Then, in the configuration of the cutting module, a fixed blade is installed at one side of the discharge opening together with a paper feeding roller to be attached and detached, and a movable blade is installed at a portion corresponding to the fixed blade to be reciprocally moved through a mechanism of a specific structure.
Technical Problem
However, in the cutter structure provided in a printer according to the related art, because the mechanism for reciprocating the movable blade, the movable blade, and the mechanism for releasing printer paper when the printer paper is jammed form a complex structure, many components are required when the cutting module is manufactured, the assembly process is complex, manufacturing costs increase, and productivity is lowered.
In particular, because the structure for releasing the movable blade when the movable blade is stuck in the printer according to the present invention requires a separate button, the user experiences inconvenience and an aesthetic feeling of the outer appearance of the printer is lowered.

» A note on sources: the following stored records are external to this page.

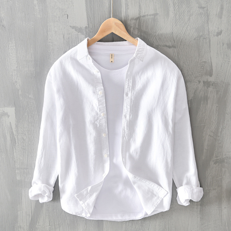 L601 Главная восьмицветная городская фабрика сокровищ, Однотонная рубашка из хлопка и льна, Повседневная рубашка с длинными рукавами, куртка, цельная доставка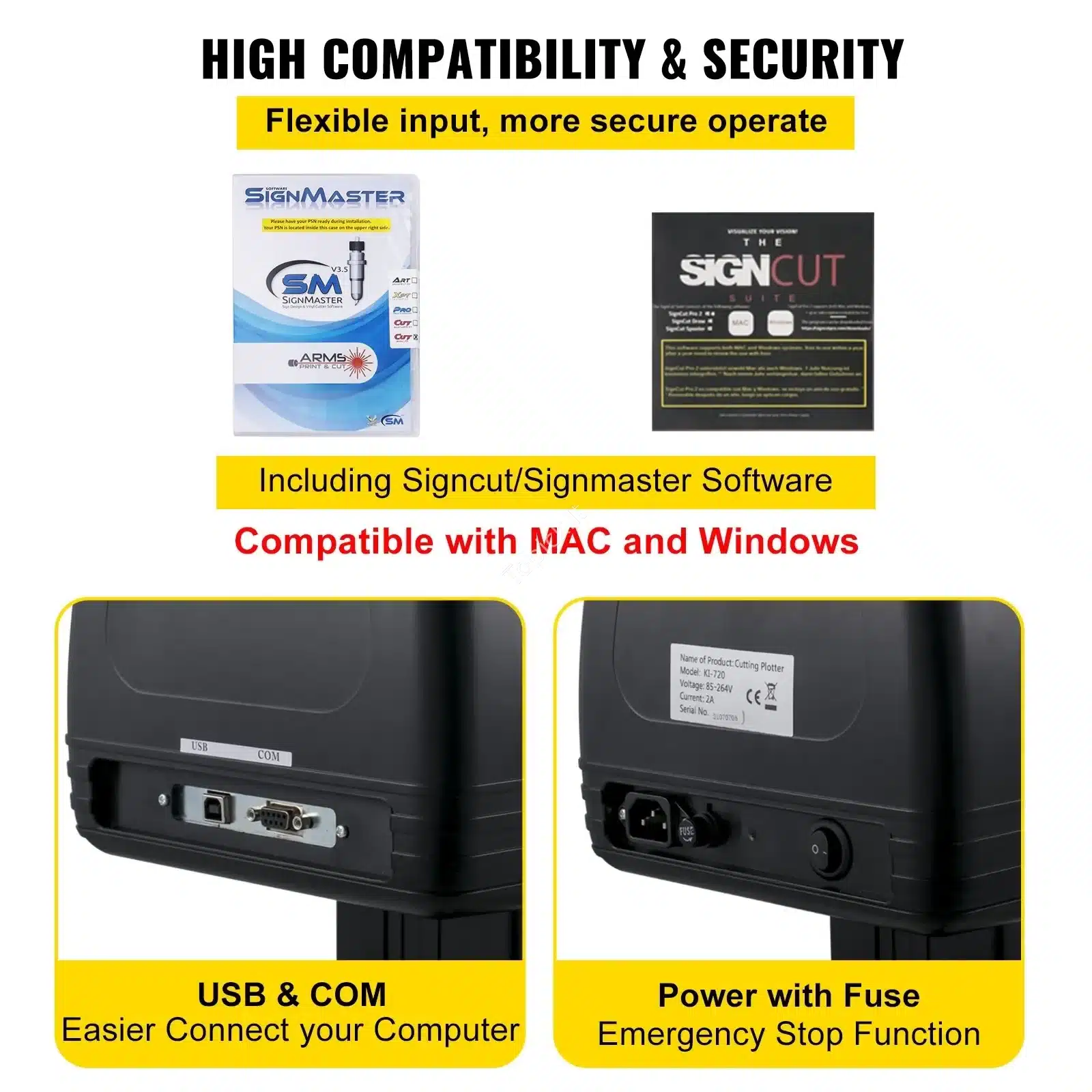 - Platus suderinamumas ir saugumas: Komplekte yra „SignCut“ ir „SignMaster“ programinė įranga, suderinama su „Mac“ ir „Windows“ operacinėmis sistemomis per USB arba nuosekliąją sąsają. Taip pat palaiko kitas programas, tokias kaip „Graph-Cut“ ir „Flexi“. Turi saugiklį ir avarinio stabdymo funkciją, užtikrinančius saugumą.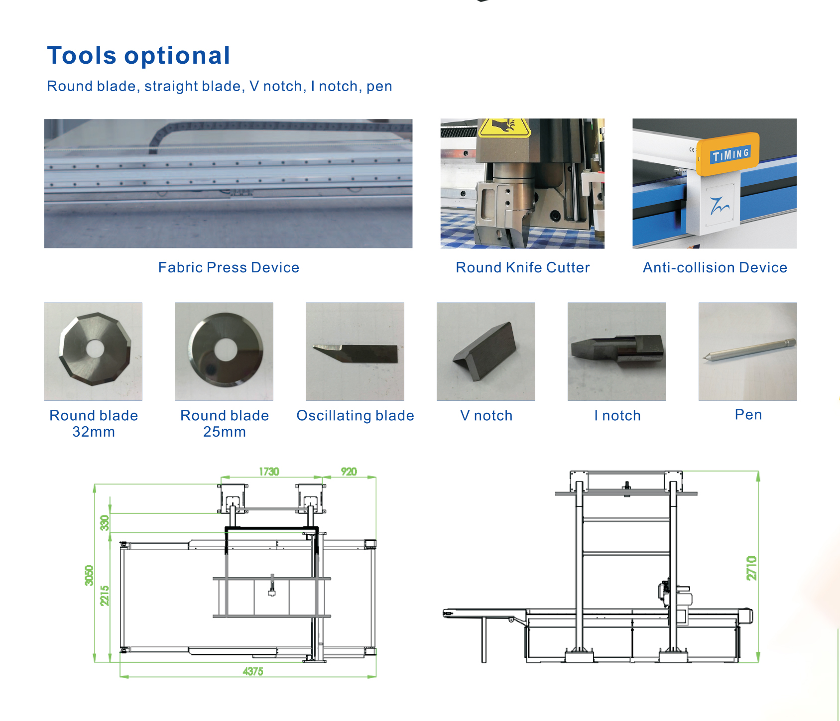 | Tool configuration | Tungsten steel straight knife, round knife, and other tools like V notch, I notch etc optional |
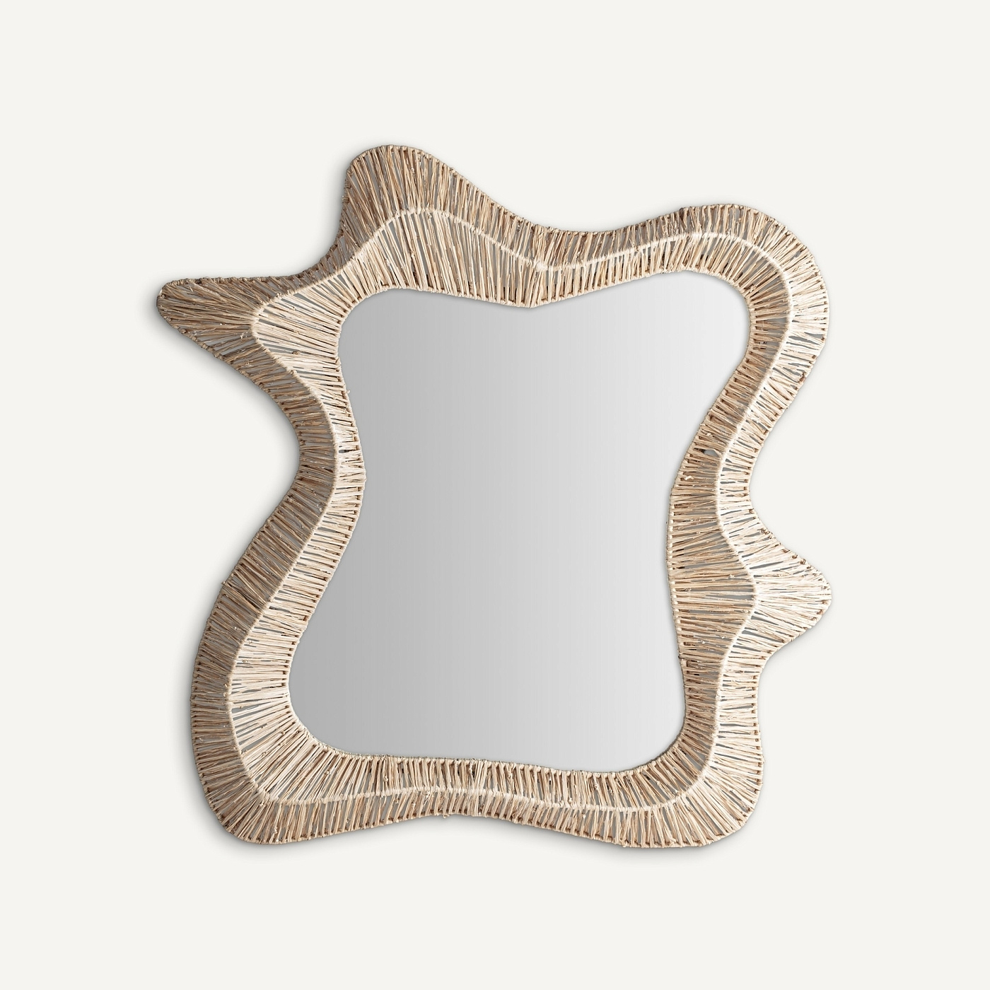 Зеркало из коричневой рафии в сочетании с зеркалом и DM-деревом. Ширина: 130 см, Глубина: 10 см, Высота: 121 см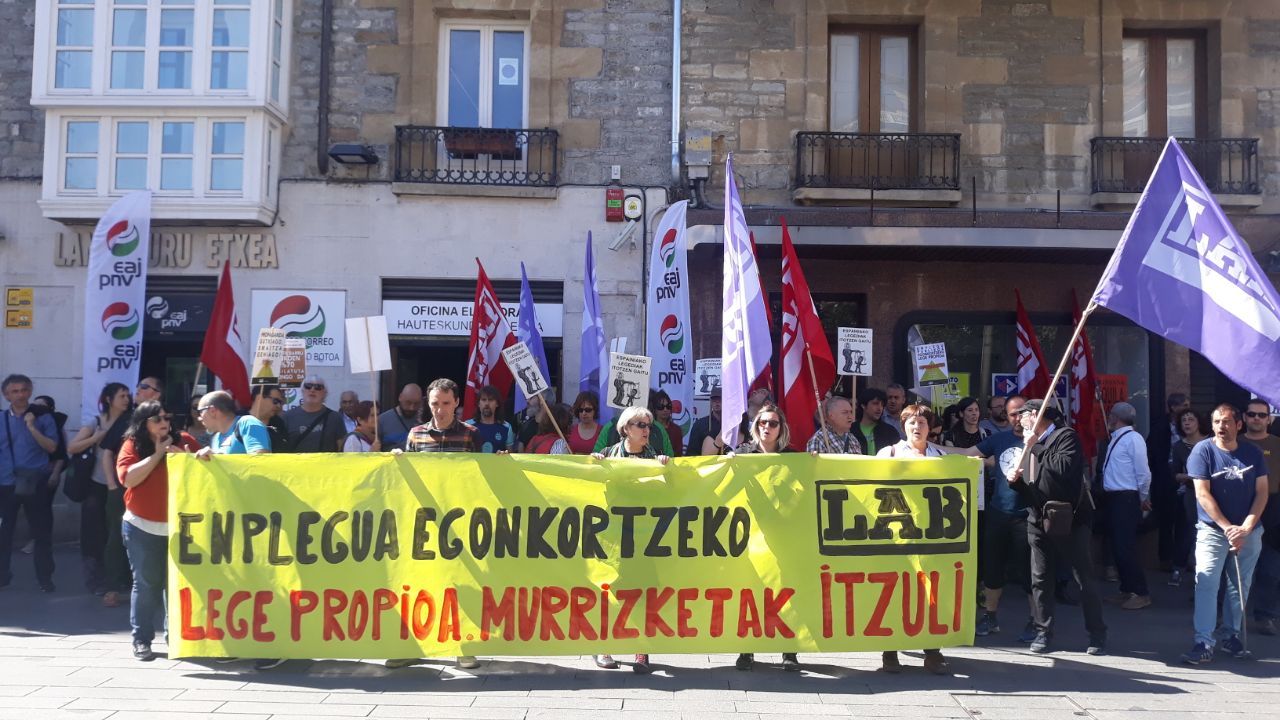 Delegados y delegadas de LAB en los servicios públicos ha reivindicado en Gasteiz una ley propia para dotar de estabilidad al empleo en el sectro público. Partiendo desde el hospital de Gasteiz y pasando ante la sede del PNV, han llevado su protesta hasta las puertas del parlamento. De hecho, en LAB apostamos por una ley específica que acabe con la inestabilidad y la precariedad que sufren trabajadoras y trabajadores interinos en los servicios públicos. Por otro lado, cuando el Gobierno Vasco está diseñando las principales líneas de los presupuestos, también es momento para poner en marcha planes de empleo integrales y revertir los recortes. Así, ya hemos pedido una reunión urgente de mesa general para tratar estos temas.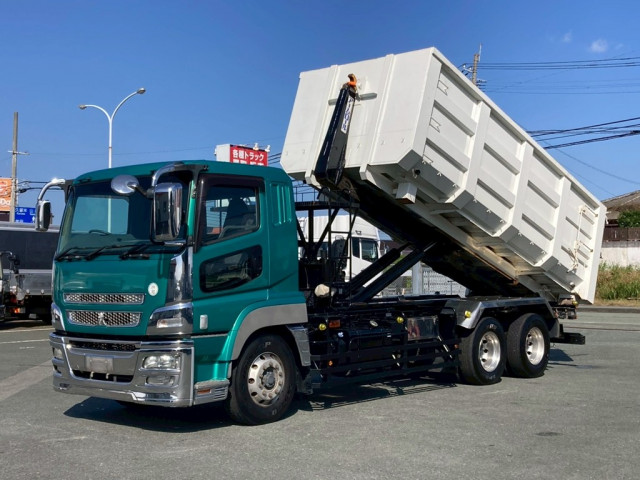 三菱ふそうスーパーグレート 10.1t脱着装置付コンテナ専用車 極東開発製 型式:JM10-53 ツインホイスト 380馬力 2デフ 可動式バンパー 電動コボレーン電源有 坂道発進補助装置 タコグラフ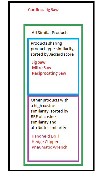 As an overview, I aim to group and sort products based on similarity. In a previous post, I grouped products based on taxonomy hierarchy and product prices. Now, I will augment this approach by sorting products by their similarity such that all “jig saws” are beside each other and reciprocating saws ranked close to “jig saws” but are not co-mingled.
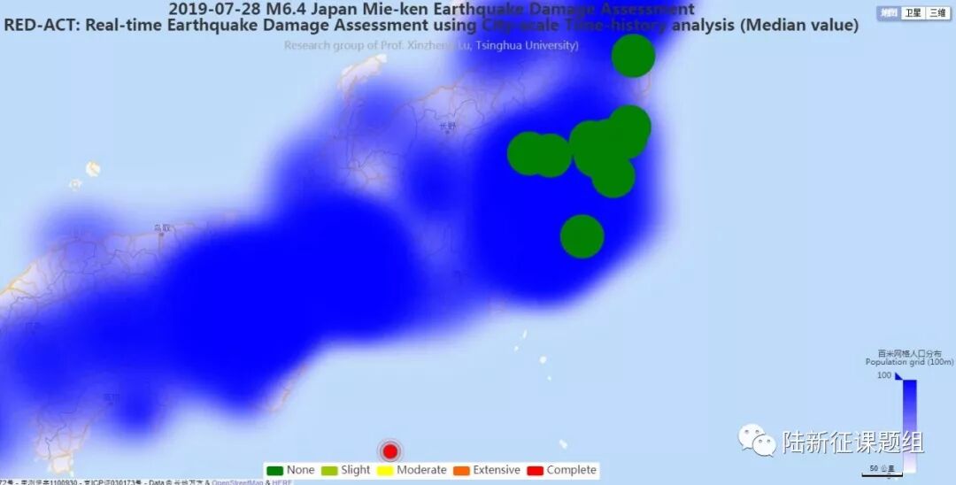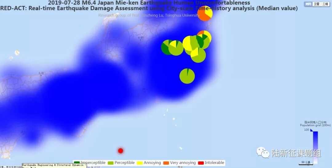 Using the real-time ground motions obtained from the strong motion networks and the city-scale nonlinear time-history analysis, the damage ratios of buildings located in different places can be obtained. The building damage distribution and the human feeling distribution near to different stations are shown in Figure 2 and Figure 3, respectively. These outcomes can provide a reference for post-earthquake rescue work.

The present invention has been made in an effort to solve the above-mentioned problems, and an object of the present invention is to provide a cutter structure of a printer, which is designed such that a cutting module for cutting printer paper has a mechanism of a specific structure in a printer, whereby paper can be efficiently cut and a problem caused by an unintended engagement of the cutter or jamming of printer paper can be simply solved by manipulating an existing lever.
SUMMARY OF THE INVENTION
In accordance with an aspect of the present invention, there is provided a cutter of a printer comprising: a rectangular parallelepiped housing in which a paper feeding roller and a fixed blade integrally coupled to each other are detachably mounted to an upper portion of one side thereof; a movable member corresponding to a plate-shape member having a slot at the center of a body thereof and provided at an upper side of the housing corresponding to the fixed blade such that a movable blade at one side thereof is engaged with the fixed blade while being selectively reciprocally moved; a motor fixedly installed within the housing, for receiving a control signal and generating a forward or reverse driving force; a gear unit including a driving gear installed on a driving shaft of the motor, a reduction gear engaged with the driving gear, an idle gear engaged with a shaft gear at a lower portion of the reduction gear, and a driven gear engaged with the idle gear to interlock with the idle gear and in which a guide boss is coupled to a central portion thereof; and an eccentric plate having a substantially disk shape, coupled to an upper surface of the driven gear, having a slot-shaped guide hole at the center thereof such that the guide boss of the driven gear passes through the guide hole, and having a coupling boss coupled to the slot of the movable member, for applying an external force for reciprocal motion thereof to the movable member at one side of the guide hole.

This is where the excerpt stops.